AIM is pretty much dead.
Gtalk/Gchat is a confused product offering at best, awkwardly tying e-mail to chat with hard to find apps.
Not everyone is on iMessage because it's iOS only.
Blackberry waited far too long to bring BBM to other platforms.
Hipchat and Yammer are internal, leaving no way for me to give someone on the outside of my company a way to contact me.
So, really, before you even ask whether or not professionals need a secure messaging app, I'd suggest someone go about solving the professional messaging problem to start--and make secure messaging a feature.
LinkedIn is probably in the best position to do this, although I wouldn't count out Blackberry. I mean, if you just started out today and you could either be Confide, or BBM, and you could add secure messaging to BBM, who would you rather be? There's still an installed base there, a good brand. Unfortunately, being tied to the sinking brick that is RIM may be too much for BBM to escape from.
LinkedIn's problem is that the social graph I added to LinkedIn.com is probably not the social graph of people I want messaging me--so they'd have to use their network as a channel, but the would need to allow users to create tighter circles. That was the Facebook Places problem. With Foursquare, you knew what being friends meant. When Facebook asked me to checkin to a place, I had to rethink whether I really wanted all of these people I went to elementary school with or my family knowing where I was all the time. If you create a network you have to be clear what adding people to that network means. Still, even if LinkedIn just used its reach as a channel, it could be a professional mobile messaging juggernaut.
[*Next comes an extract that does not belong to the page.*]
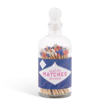 Mini Apothecary Vintage Light Pink Matches bring charm and function to your space with their vintage design and convenient size. Housed in a stylish apothecary-style glass jar, they offer both beauty and practicality. Their nostalgic look makes them perfect for display on coffee tables, in bathrooms, or alongside your favorite candles. They also make a thoughtful addition to gift boxes and hostess gifts. Designed for ease of use, these matches light effortlessly and provide a reliable flame for candles, fireplaces, or incense. The compact jar makes them easy to take on the go—perfect for beach trips, tailgating, or camping. Both decorative and functional, these matches add a touch of vintage charm wherever you take them. 4" high x 2" wide jar Approx. 65 matchsticks at 3" tall Cork top Vintage style label with striker LTP301

Maybe they buy Confide--because watching them develop new internal products is like watching paint dry. Their products are awesome, but there doesn't seem to be a skunkworks over there ready to jump on bandwagons.
If Confide is going to gain mainstream professional adoption, I think it actually needs to move away from the secure use case and branding. The branding is too suspicious. Would you want your significant other to have the Confide app on their phone? Who are they secretly messaging and why? Rather, I'd make the messaging and the brand a lot more mainstream and just use the security as a killer feature. This isn't an area where I see a bunch of secretive driving mainstream adoption--not when it looks gray to even admit that you have it and use it.
In my mind, professional messaging is a huge opportunity--and it's not likely that any of the existing players are going to get it right, but I don't think being Snapchat-like is the narrow point of the wedge.